=== ASSIGNMENT ===
Repeat exactly the lines below from the line that contains "Acto de Juramentación" to the last line, inclusive, without the pictures.

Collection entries
● ● ● ● ● ● ●

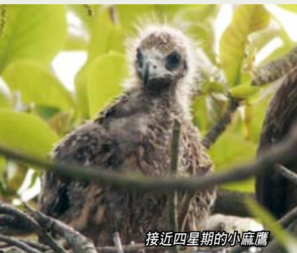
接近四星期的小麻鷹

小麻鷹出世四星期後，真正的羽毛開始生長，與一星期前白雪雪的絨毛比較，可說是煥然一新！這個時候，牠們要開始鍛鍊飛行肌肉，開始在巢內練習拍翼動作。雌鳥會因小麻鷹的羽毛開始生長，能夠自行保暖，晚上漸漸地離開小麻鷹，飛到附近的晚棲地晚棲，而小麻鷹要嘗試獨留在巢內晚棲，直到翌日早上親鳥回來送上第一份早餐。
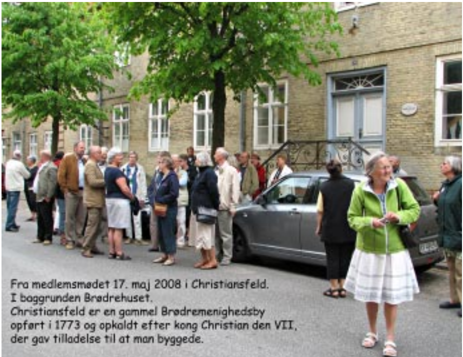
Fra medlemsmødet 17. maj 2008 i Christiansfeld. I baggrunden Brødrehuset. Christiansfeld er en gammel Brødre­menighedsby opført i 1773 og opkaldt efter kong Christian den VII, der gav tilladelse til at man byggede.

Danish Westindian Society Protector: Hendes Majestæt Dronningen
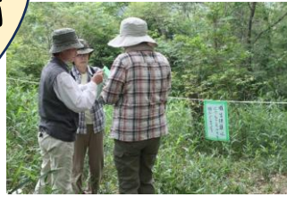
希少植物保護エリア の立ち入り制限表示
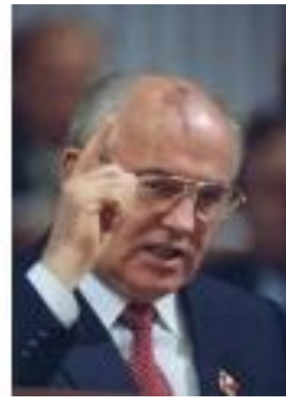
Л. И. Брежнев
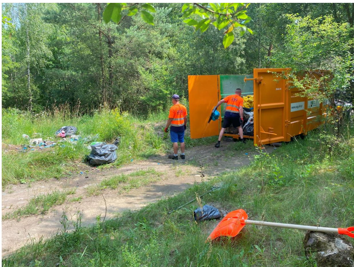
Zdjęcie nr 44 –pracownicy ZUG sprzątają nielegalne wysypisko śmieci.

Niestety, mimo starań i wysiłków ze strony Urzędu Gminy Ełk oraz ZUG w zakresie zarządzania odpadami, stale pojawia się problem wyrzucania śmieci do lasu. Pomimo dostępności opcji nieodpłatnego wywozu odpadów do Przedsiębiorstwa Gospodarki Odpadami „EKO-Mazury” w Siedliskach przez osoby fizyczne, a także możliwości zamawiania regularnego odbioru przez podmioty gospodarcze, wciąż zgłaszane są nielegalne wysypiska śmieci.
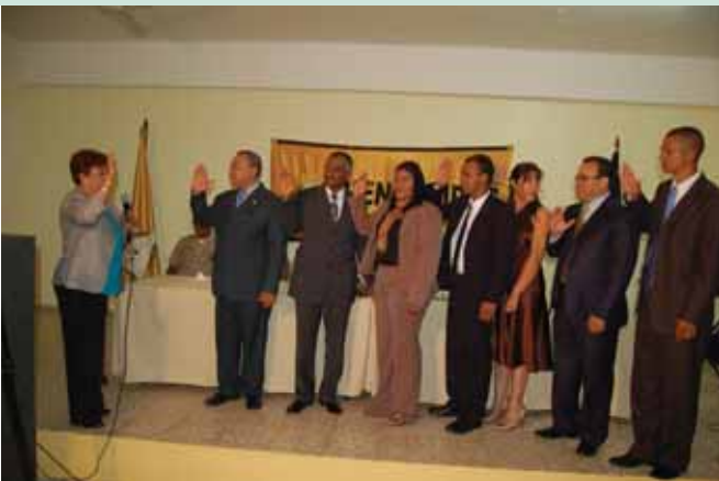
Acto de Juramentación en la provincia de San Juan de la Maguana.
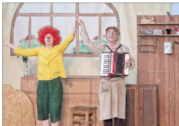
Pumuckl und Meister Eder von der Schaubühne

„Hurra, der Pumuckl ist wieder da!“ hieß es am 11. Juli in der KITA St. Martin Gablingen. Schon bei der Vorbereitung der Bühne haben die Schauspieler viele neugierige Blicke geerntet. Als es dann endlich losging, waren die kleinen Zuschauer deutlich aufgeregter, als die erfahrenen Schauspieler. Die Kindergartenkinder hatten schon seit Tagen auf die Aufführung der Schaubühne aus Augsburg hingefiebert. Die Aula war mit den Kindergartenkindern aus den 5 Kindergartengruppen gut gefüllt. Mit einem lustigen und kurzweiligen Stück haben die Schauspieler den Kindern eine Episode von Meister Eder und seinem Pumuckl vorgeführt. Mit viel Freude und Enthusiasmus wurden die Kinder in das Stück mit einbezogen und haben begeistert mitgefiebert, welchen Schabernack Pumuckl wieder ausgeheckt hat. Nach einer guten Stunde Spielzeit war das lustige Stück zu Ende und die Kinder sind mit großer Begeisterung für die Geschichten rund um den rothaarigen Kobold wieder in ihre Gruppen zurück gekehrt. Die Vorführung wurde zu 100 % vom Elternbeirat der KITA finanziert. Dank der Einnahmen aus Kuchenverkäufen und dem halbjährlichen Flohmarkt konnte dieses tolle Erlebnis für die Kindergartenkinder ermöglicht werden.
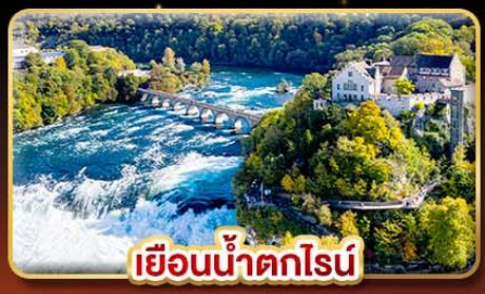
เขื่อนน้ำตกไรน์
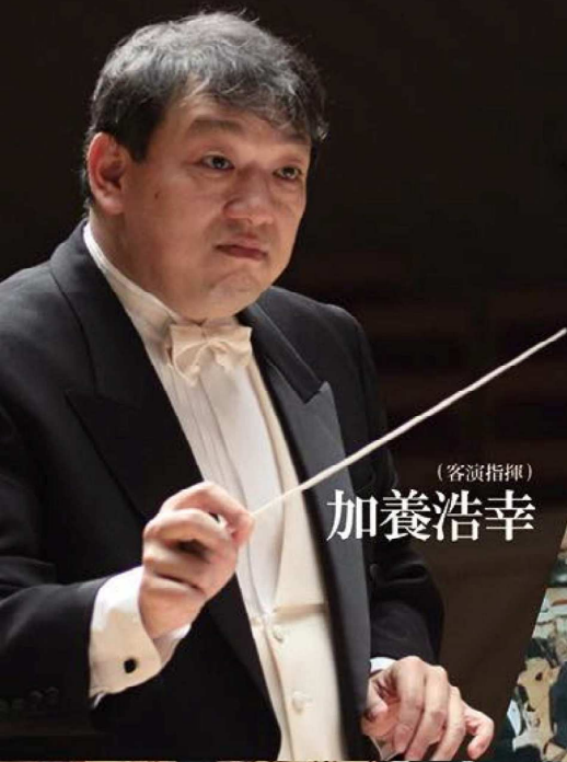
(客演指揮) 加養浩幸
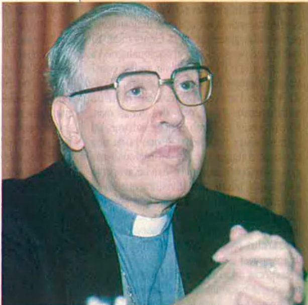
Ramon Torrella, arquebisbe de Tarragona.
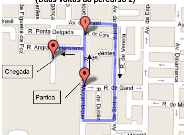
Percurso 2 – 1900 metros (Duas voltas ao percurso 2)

● ● ● ● ● ● ●

=== TASK SOLUTION ===
Acto de Juramentación en la provincia de San Juan de la Maguana.
Pumuckl und Meister Eder von der Schaubühne

„Hurra, der Pumuckl ist wieder da!“ hieß es am 11. Juli in der KITA St. Martin Gablingen. Schon bei der Vorbereitung der Bühne haben die Schauspieler viele neugierige Blicke geerntet. Als es dann endlich losging, waren die kleinen Zuschauer deutlich aufgeregter, als die erfahrenen Schauspieler. Die Kindergartenkinder hatten schon seit Tagen auf die Aufführung der Schaubühne aus Augsburg hingefiebert. Die Aula war mit den Kindergartenkindern aus den 5 Kindergartengruppen gut gefüllt. Mit einem lustigen und kurzweiligen Stück haben die Schauspieler den Kindern eine Episode von Meister Eder und seinem Pumuckl vorgeführt. Mit viel Freude und Enthusiasmus wurden die Kinder in das Stück mit einbezogen und haben begeistert mitgefiebert, welchen Schabernack Pumuckl wieder ausgeheckt hat. Nach einer guten Stunde Spielzeit war das lustige Stück zu Ende und die Kinder sind mit großer Begeisterung für die Geschichten rund um den rothaarigen Kobold wieder in ihre Gruppen zurück gekehrt. Die Vorführung wurde zu 100 % vom Elternbeirat der KITA finanziert. Dank der Einnahmen aus Kuchenverkäufen und dem halbjährlichen Flohmarkt konnte dieses tolle Erlebnis für die Kindergartenkinder ermöglicht werden.
เขื่อนน้ำตกไรน์
(客演指揮) 加養浩幸
Ramon Torrella, arquebisbe de Tarragona.
Percurso 2 – 1900 metros (Duas voltas ao percurso 2)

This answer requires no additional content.